We got in and went to Customs and Immigration. It was one room occupied by two women who called each other Customs and Immigration. Poor Immigration was in a state of constant annoyance at everything in the manner of a teenager who doesn’t like anything. She was particularly annoyed at the Frenchman trying to clear in in front of us. He was having trouble with all of her questions in English and kept asking her to repeat and speak more slowly, which only made it worse. I thought she was going to send him back to where he came from when she asked him for his birth date ever and ever more loudly as if he would somehow comprehend. Maryanne eventually saved the poor guy by translating the phrase for him, thus enabling him to finally escape her ire so that she could focus it on us.
Apart from a lot of eye rolling, she wasn’t so bad with us and we got in quickly.
Next was Customs – Yin to Immigration’s Yang. She could not have been more pleasant. She even told us that if we wanted directions or information at all about anything on the island, feel free to pop in any time and ask. Now I know why they call each other Customs and Immigration.
After that, we took a tour of the town. We went up the main road to the edge of town. Then, for the second minute, we went back to the dinghy via the beach.
Oh, the beach. What a marvelous beach Road Bay has. The sand is about half a step coarser than dust – just heavy enough to keep it from floating around in the air and the color of eggshells. It is so soft. The water in the bay is that amazing Caribbean blue that still doesn’t seem real to me. It looks as if someone liquefied a clear mountain sky and poured it into the harbor. Add in the sound of the surf and the palm trees hissing in the trade winds and it becomes the stereotypically perfect Caribbean beach.
Except for one thing. The commercial wharf dominates the south end of the beach. It is constantly full of barges and cargo ships loading and unloading. Twenty four hours a day there is the constant rumble of tractors and trucks in an almost unbroken line. It actually made for some pretty entertaining ‘TV’ to watch the ships deftly maneuver into the harbor without disturbing the anchored boats. For the life of us, though, we couldn’t figure out why the port was so busy. There are only 12,000 people on the island. They can’t possibly need all of those dump trucks full of dirt or all of those shipping containers. Perhaps there’s some evil genius building an underground lair…
Our second day in Anguilla we really didn’t do much. It was nice to have the freedom to loaf. We got up deliciously late. I had intended to have a nice slow morning, but then I got out of bed and looked out the window.

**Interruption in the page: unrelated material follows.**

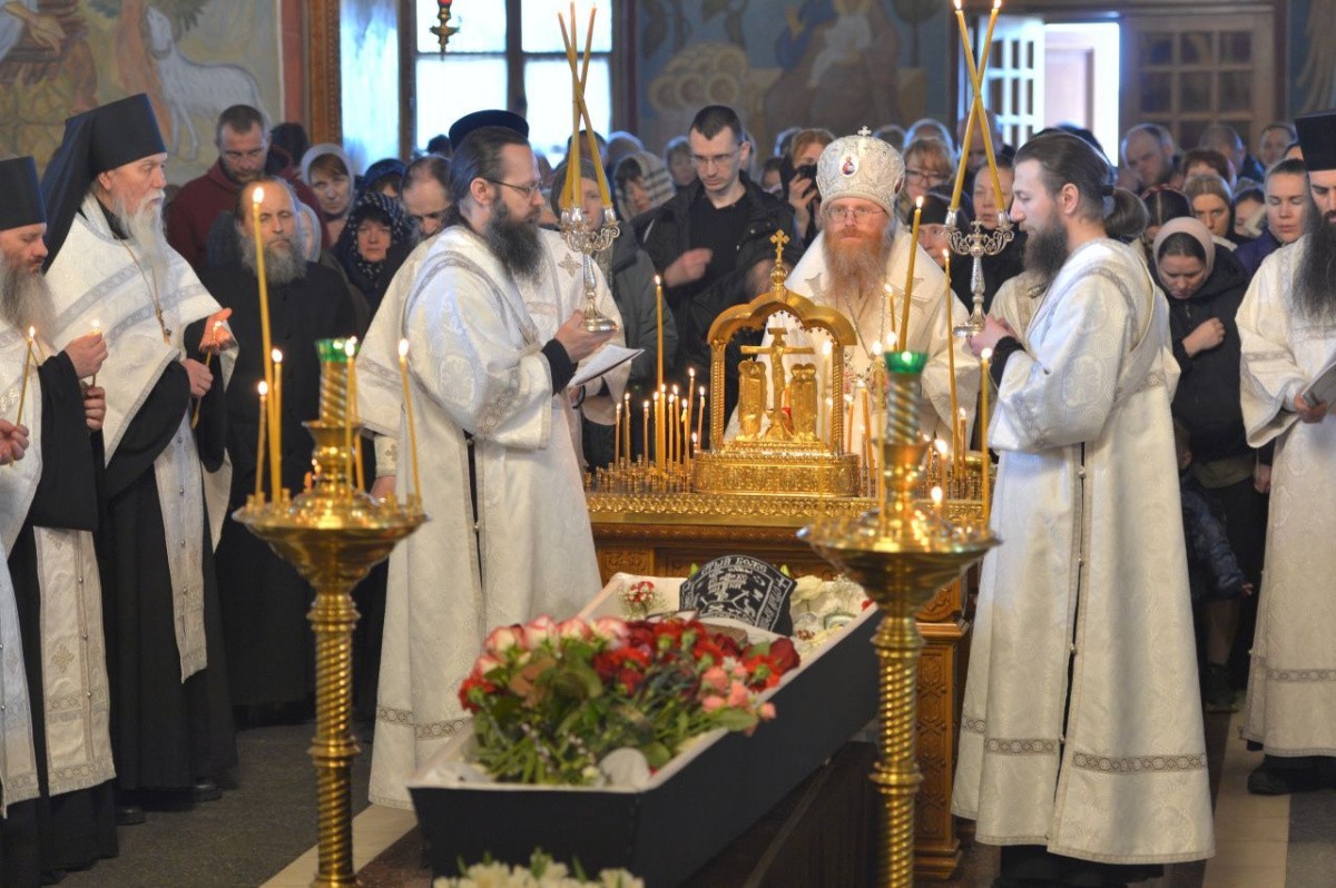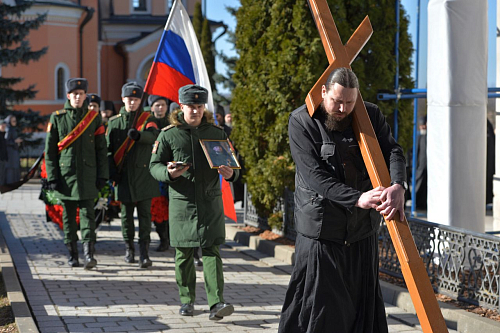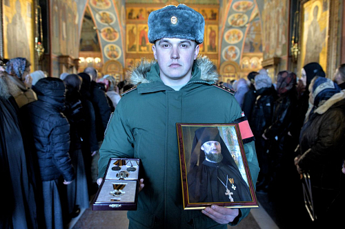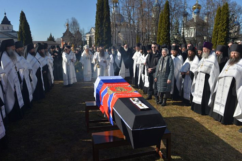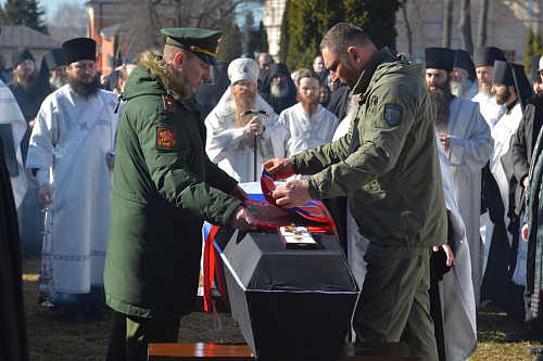 Чин отпевания, который совершил наместник монастыря епископ Иосиф в сослужении монастырского духовенства, начался по окончании Литургии Преждеосвященных Даров. В числе служащих был и отец иеромонаха Константина, священник Виктор Никитенко. Казанский храм, самый большой в обители, был полон, – помолиться о упокоении новопреставленного собралась вся братия и множество паломников. Проводить в последний путь своего боевого товарища приехали и сослуживцы отца Константина, бойцы Добровольческой бригады «Невский» во главе с комбригом Алексеем Верещагиным.

The water! I forgot about the water. Suddenly, I’m a kid at the amusement park. I don’t need food. I don’t need coffee. I need to throw on some trunks and go swimming! Aaah, what lovely blue water – just barely below lukewarm so that it takes the bite out of the midday sun. After an initial dip, I did go back for coffee and breakfast, but it wasn’t long before we were both outside diving off the boat. Maryanne had decided that she wanted to work up the courage to jump off the cockpit roof. She spent the better part of an hour watching me demonstrate and then doing test runs before finally chickening out in the end. She said the height didn’t bother her, it was the prospect of not clearing the lifelines.
We swam to the beach, then carried our snorkel gear to the reef at the north end of the beach before going back in to explore. It was the usual reef stuff: pretty coral, pretty fish. Maryanne gets the award for spotting a ray which circled us a few times at just the range of visibility.
We swam back to the boat and dried off. Then we took the dinghy to Elvis’ Beach Bar. (Elvis is a local Rasta Man) What a spot. Part of the bar is a boat that had been cut lengthwise and widened just enough to get the bartender in, serving drinks on the ‘deck’. The place was full of other cruisers and we spent most of our time with Jan of Woodwind. She is a contributor to Sail magazine and gave us lots of good tips about the BVI. We couldn’t help but think about our friend JD. He would love it here (well, I guess most people would).
The next day, we just kinda chilled and enjoyed it all. Aaah... Just what we came for.